:: GIVEN DATA ::

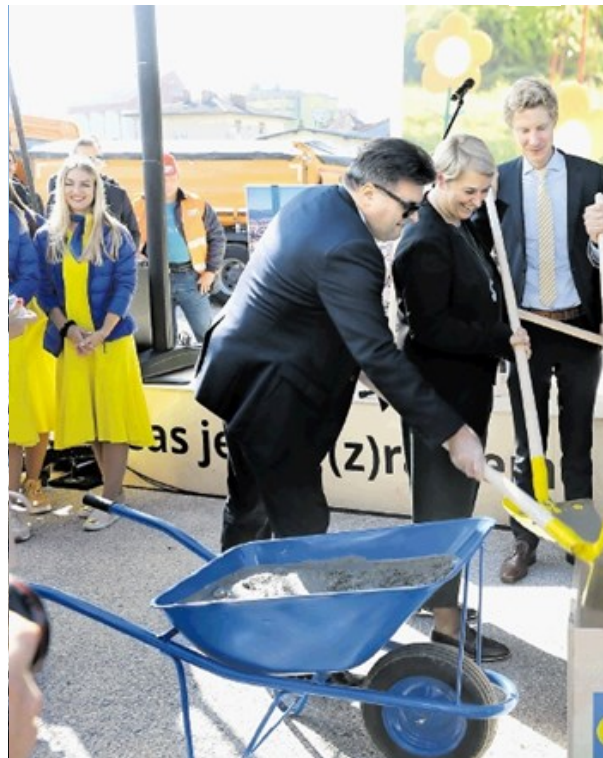
Ikea začela graditi trgovino v Ljubljani

Ob vstopu v novo leto smo pripravili pregled dogodkov, ki so zaznamovali Ljubljano v letu 2019. Tudi to leto je bilo v znamenju gradbenih del, podatkov o čedalje dražjih nepremičninah in domnevnih nezakonitostih, v katere naj bi bil vpleten župan.
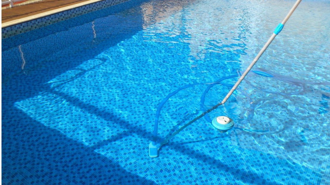
A reposição de água na piscina deve ocorrer após uma semana de uso e limpeza.

O fato de limpar a piscina periodicamente, aliado ao uso pelos banhistas e a evaporação, sugere que haja reposição da água da piscina. No verão, depois de uma semana de uso e após a limpeza semanal das paredes, é necessário acrescentar água para repor o nível.

:: TASK INSTRUCTIONS ::
For this exercise, transcribe exactly only the lines from the one containing "Ob vstopu v" through the end of the listing, inclusive, without the pictures.

:: WRITTEN RESPONSE ::
Ob vstopu v novo leto smo pripravili pregled dogodkov, ki so zaznamovali Ljubljano v letu 2019. Tudi to leto je bilo v znamenju gradbenih del, podatkov o čedalje dražjih nepremičninah in domnevnih nezakonitostih, v katere naj bi bil vpleten župan.
A reposição de água na piscina deve ocorrer após uma semana de uso e limpeza.

O fato de limpar a piscina periodicamente, aliado ao uso pelos banhistas e a evaporação, sugere que haja reposição da água da piscina. No verão, depois de uma semana de uso e após a limpeza semanal das paredes, é necessário acrescentar água para repor o nível.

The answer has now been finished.